Employers need to be especially careful in three areas.
First, employers may deny employment to someone with a conviction record only if there is a substantial relationship between the crime in question and the person's ability to perform the job. For example, you would be well within your rights to deny employment to a driver who has a reckless driving record. But you could not legally deny employment to a driver because he or she has a 15-year-old disorderly conduct conviction. Likewise, a bank may turn down a teller applicant because he or she has a shoplifting record but not because of a speeding citation.
Employers who adapt a cart blanche rule of refusing to hire anyone with a conviction regardless of whether there is such a substantial relationship could be held liable for employment discrimination in Wisconsin and certain other states.
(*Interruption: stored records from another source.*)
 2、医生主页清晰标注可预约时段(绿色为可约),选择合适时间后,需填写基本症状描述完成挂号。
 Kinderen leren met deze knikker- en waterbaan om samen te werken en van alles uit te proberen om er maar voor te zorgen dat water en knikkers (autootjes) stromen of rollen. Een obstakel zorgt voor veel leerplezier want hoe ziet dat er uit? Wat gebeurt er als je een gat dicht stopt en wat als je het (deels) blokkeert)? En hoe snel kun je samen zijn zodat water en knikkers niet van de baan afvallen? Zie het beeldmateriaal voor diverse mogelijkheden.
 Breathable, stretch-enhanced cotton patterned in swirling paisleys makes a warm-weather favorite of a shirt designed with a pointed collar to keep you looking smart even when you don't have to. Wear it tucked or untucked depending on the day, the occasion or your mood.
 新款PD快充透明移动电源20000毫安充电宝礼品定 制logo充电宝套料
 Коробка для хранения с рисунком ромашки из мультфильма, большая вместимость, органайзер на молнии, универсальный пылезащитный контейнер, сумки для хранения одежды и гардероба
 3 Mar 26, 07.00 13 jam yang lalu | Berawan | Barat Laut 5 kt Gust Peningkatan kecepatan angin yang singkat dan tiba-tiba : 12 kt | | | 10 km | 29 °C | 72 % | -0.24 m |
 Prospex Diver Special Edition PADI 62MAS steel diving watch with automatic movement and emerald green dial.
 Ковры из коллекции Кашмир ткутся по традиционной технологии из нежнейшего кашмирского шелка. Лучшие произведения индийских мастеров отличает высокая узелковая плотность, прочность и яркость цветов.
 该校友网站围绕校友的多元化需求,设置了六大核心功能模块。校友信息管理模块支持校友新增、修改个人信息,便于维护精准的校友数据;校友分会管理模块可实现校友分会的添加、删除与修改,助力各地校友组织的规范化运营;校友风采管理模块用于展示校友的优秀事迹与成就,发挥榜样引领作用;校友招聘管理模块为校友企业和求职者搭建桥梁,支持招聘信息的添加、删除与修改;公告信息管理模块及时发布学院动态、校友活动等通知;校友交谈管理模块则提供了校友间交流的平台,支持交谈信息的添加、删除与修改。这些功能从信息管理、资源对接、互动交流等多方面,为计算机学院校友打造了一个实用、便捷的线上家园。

Second, you may also screen a potential applicant's financial history. If you do it yourself, there is minimal risk. If, however, you use a credit reporting agency or other third party, you must have the applicant's signed authorization in advance and assure him or her certain rights, such as the opportunity to see the information you obtained if you deny employment. That enables applicants to know what you heard from third parties so they may dispute it if they choose. This right is especially important in this age of identity theft.
Finally, if you're going to conduct background checks, it is advisable to do so uniformly across all employee groups to minimize the risk of employment discrimination claims based upon race, national origin, sex, disability or other prohibited grounds. That doesn't mean that if you pre-screen for one position, you must do so for all. It just means that if you are going to pre-screen for one secretary, it is advisable to do so for all secretaries. If you are going to pre-screen for one driver, it would be best to pre-screen all potential drivers.
Some industries, such as health care, child care and certain financial institutions, are required to do background checks, but it is a good idea for any company that wants to decrease employee turnover, protect itself from liability claims and build a high-functioning, productive team.